AI benefits or beats the green transition path?

Meeting decarbonization goals in time to avoid the worst impacts of climate change will require an unprecedented amount of coordination between economic sectors in record time, which will be nearly impossible to carry out smoothly without machine learning. However, as the uptake of artificial intelligence expands, so too does its already enormous carbon footprint, raising the question of whether the use of AI in the decarbonization movement is essential or counterproductive. It’s a cath 22 situation.

The global green energy transition will require a scale and speed of systems transformation never before seen in history. In order to go as smoothly as possible, this process will rely heavily upon massive, complex, and nuanced computing power. Enter Artificial Intelligence. Around the world, AI is already playing a major role in renewable energy forecasting, smart grids, coordination of energy demand and distribution, maximizing efficiency of power production, and research and development of new materials – and that’s just the beginning.

The role of AI in the energy industry is about to take off thanks to a rapidly changing power sector, the scale of the transformation and the investments needed to make it happen, and an increasingly complex system of grid distribution and decentralization.
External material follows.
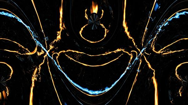 Two horizons, the orange one captured in IBL and a blue one, fed through a series of lenses (one being a spherical mapper) to make some wiggly lined abstraction of fire and ice.

Due to all of these rapid and sweeping systems-level changes, AI will be integral in ensuring maximum efficiency within decarbonization initiatives. Reaching net-zero greenhouse gas emissions in the energy sector alone will require infrastructure investments costing between $92 trillion and $173 trillion by 2050, according to estimates. AI has a massive role to play here, as “even small gains in flexibility, efficiency or capacity in clean energy and low-carbon industry can therefore lead to trillions in value and savings.”

The irony: all of this is going to require enormous amounts of computing power, which means enormous amounts of energy. Already, the carbon footprint of Artificial Intelligence is almost as large as that of Bitcoin – which is to say, equivalent to that of entire developed nations. “Currently, the entire IT industry is responsible for around 2 percent of global CO2 emissions,” Science Alert recently reported. What’s more, consulting firm Gartner projects that if business continues as usual, the AI sector alone will consume 3.5 percent of global electricity by 2030.

It has been estimated that training GPT-3, the predecessor of ChatGPT, required approximately 1,287-megawatt hours of electricity and 10,000 computer chips – that’s enough to power about 121 homes in the United States for an entire year. It’s also enough energy to produce around 550 tonnes of carbon dioxide. Indeed, it’s estimated that Open.AI, the creators of ChatGPT, spend about US$700,000 per day on computing costs alone to run its chatbot service for its 100 million users around the globe.

It’s very important to be careful with the use of AI to make sure that it does more good than harm – and that’s just in reference to its environmental impacts, leaving all of the other ethical and moral quandaries aside. The first major consideration when deciding how or whether to use AI in a renewable energy application is to determine whether it’s strictly necessary. Often, the use of AI can be more seductive than pragmatic. If it is necessary, engineers can next consider whether the energy used for the training is responsibly sourced, whether workloads are designed for maximum energy efficiently, and calculate and consider embedded emissions.